**EXERCISE MATERIALS**

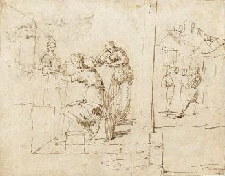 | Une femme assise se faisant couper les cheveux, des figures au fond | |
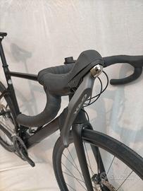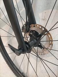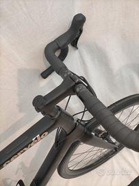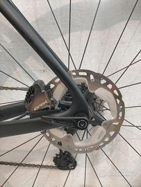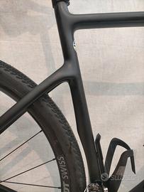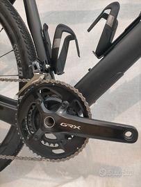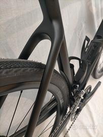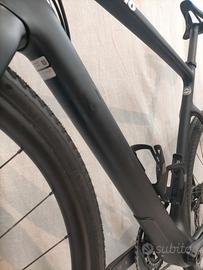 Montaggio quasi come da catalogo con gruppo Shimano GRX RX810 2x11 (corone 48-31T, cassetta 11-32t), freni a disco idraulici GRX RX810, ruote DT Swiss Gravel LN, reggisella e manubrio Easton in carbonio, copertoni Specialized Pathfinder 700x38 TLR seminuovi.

---

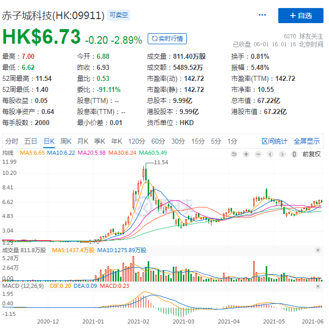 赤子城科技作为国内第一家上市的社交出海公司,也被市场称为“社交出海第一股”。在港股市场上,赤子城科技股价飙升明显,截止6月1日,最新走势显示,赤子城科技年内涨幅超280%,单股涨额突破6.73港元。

...

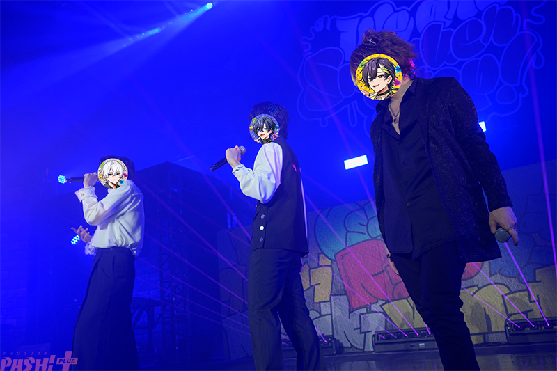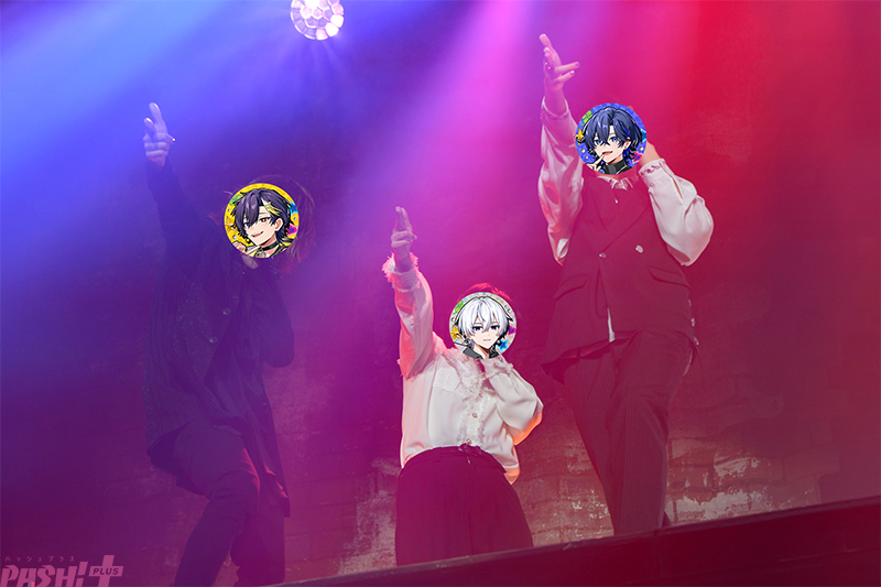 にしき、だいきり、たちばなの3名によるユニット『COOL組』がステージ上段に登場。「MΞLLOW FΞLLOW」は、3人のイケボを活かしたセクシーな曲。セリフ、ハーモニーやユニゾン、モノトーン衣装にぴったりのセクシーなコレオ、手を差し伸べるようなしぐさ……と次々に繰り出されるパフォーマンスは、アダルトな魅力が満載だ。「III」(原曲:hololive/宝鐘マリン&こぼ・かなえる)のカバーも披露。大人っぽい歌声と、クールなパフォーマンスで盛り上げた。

**WORK INSTRUCTION**
Reproduce, exactly and only, the lines of the records above starting at the line with "au fond | |" and ending at the line with "Montaggio quasi come", both included. Leave every picture out.

**ANSWER BELOW**
 | Une femme assise se faisant couper les cheveux, des figures au fond | |
 Montaggio quasi come da catalogo con gruppo Shimano GRX RX810 2x11 (corone 48-31T, cassetta 11-32t), freni a disco idraulici GRX RX810, ruote DT Swiss Gravel LN, reggisella e manubrio Easton in carbonio, copertoni Specialized Pathfinder 700x38 TLR seminuovi.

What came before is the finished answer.